Misshapen proteins called prions are thought to wreak havoc when they're let loose in the brain, as happens in mad cow disease. But despite their bad rap, prions start life off as a normal, healthy protein, called PrP. PrP is everywhere in the brain--but what it does has long been mysterious.
There's hope that by disentangling PrP's normal job, prion diseases will become easier to understand. A team of scientists now says that PrP plays a key role in maintaining myelin, a fatty substance that forms a sheath around nerves and helps transmit nerve signals. They also found that mice without PrP in certain nerve cells suffer from a demyelinating disease that closely resembles one seen in people.
"If you want to understand pathological function, maybe you have to understand normal function," says Adriano Aguzzi, a neuropathologist and longtime prion researcher at the University of Zurich in Switzerland, who led the work. Eleven years ago, a Japanese group published a paper suggesting that mice without PrP had damage to their peripheral nerves, a finding that intrigued Aguzzi. With his postdoctoral fellow Juliane Bremer and their colleagues, he set out to probe this further. First, the team examined five strains of mice lacking the PrP gene and found that they all showed this peripheral nerve damage by 10 weeks of age. But that didn't answer the question of what, exactly, was behind this nerve damage.
To learn more, the group looked at 1-year-old mice and found that their sciatic nerve, the large nerve in the back that runs into the legs, had lost myelin. Then, they studied mice that lacked PrP in some cells but not in others to see which cells were behind the demyelination. The result was a surprise: When PrP was present only in axons, the fibers that conduct electrical impulses, it prevented disease. But when it was lacking in axons but present in the so-called Schwann cells that actually form the myelin sheath, the mice got sick. Even though the Schwann cells are the ones affected when PrP is missing, the protein must be present in axons to prevent disease, the researchers report online this week in Nature Neuroscience. Aguzzi theorizes that PrP is a signaling molecule in axons that's needed to "keep Schwann cells happy."
This gets at "one of the important things we still do not know--we still do not know what is the normal function of the prion protein," says Claudio Soto, a neuroscientist at the University of Texas Medical School in Houston. There had been suspicions, he says, that axons were somehow involved, but this work takes that one step further, tying PrP to myelin.

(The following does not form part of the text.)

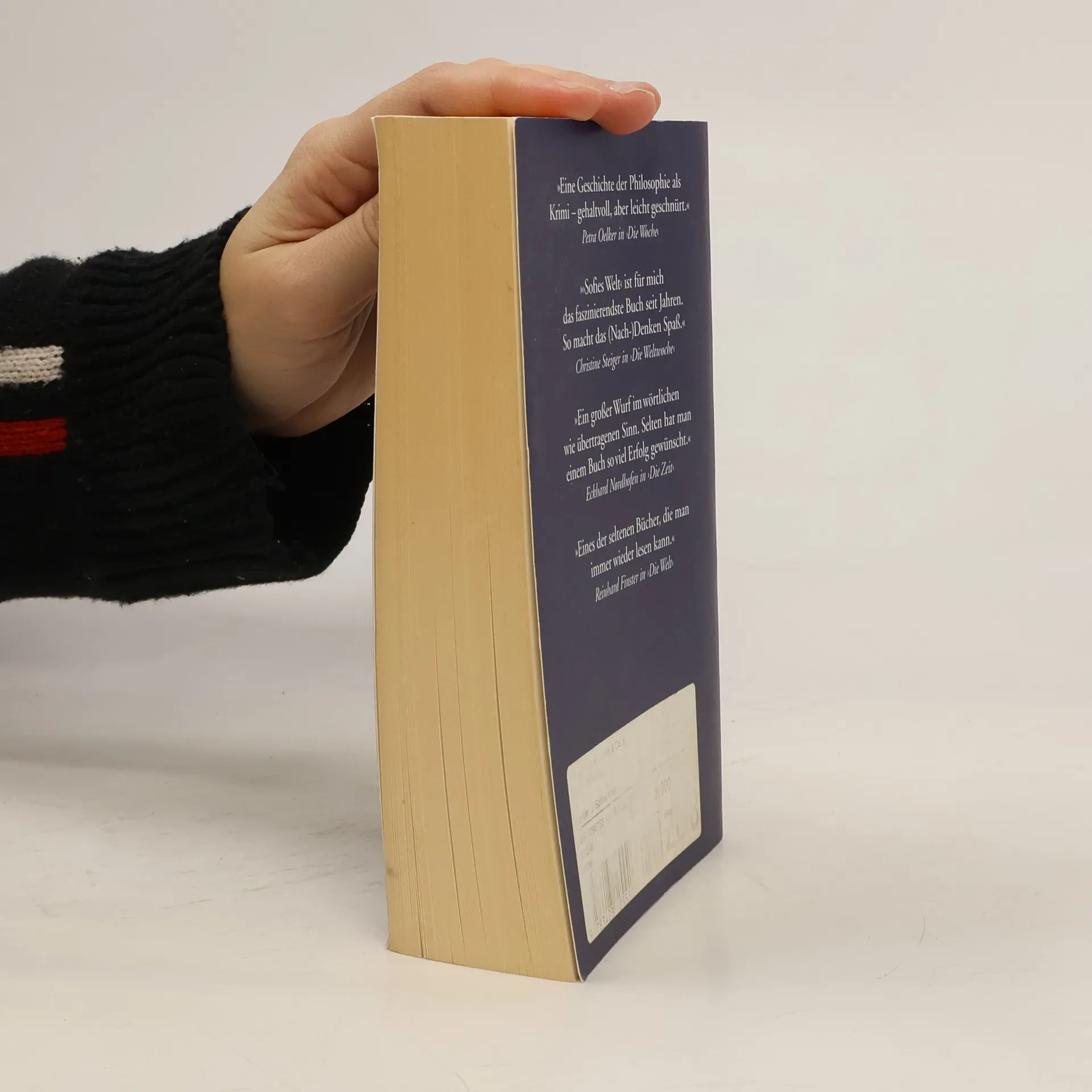 Weg in die geheimnisvolle Gedankenwelt »Ein dickes Buch, mit spitzen Fingern angefaßt und mit Begeisterung zugeklappt: ein großer Wurf im wört-lichen wie übertragenen Sinn.« Die Zeit Mysteriöse Briefe landen im Briefkasten der 15jährigen Sofie Amundsen in Oslo. Was sollen diese Fragen: »Wer bist du?«, »Was ist ein Mensch?« und »Woher kommt die Welt?«. Sofie ist irritiert. Die Briefe werden ausführlicher und entführen sie in die abenteuerliche und geheimnisvolle Gedankenwelt der großen Philosophen. Ihr unbekannter Briefeschreiber erzählt Sofie die Geschichte Europas, der Antike, des Mittelalters und der Renaissance und dann nimmt die Geschichte eine unglaubliche Wendung.

Aguzzi is now interested in learning more about whether PrP might have a hand in human demyelinating diseases, particularly a rare type of hereditary neuropathy, and recently received funding to study this. Another, more common disease that leads to loss of myelin, multiple sclerosis, seems unconnected to PrP's actions because myelin is lost in the central nervous system, not peripherally as it was in the current study. But other human diseases "look very similar to what we see in these mice," notes Aguzzi, who's eager to find out whether prion proteins are involved.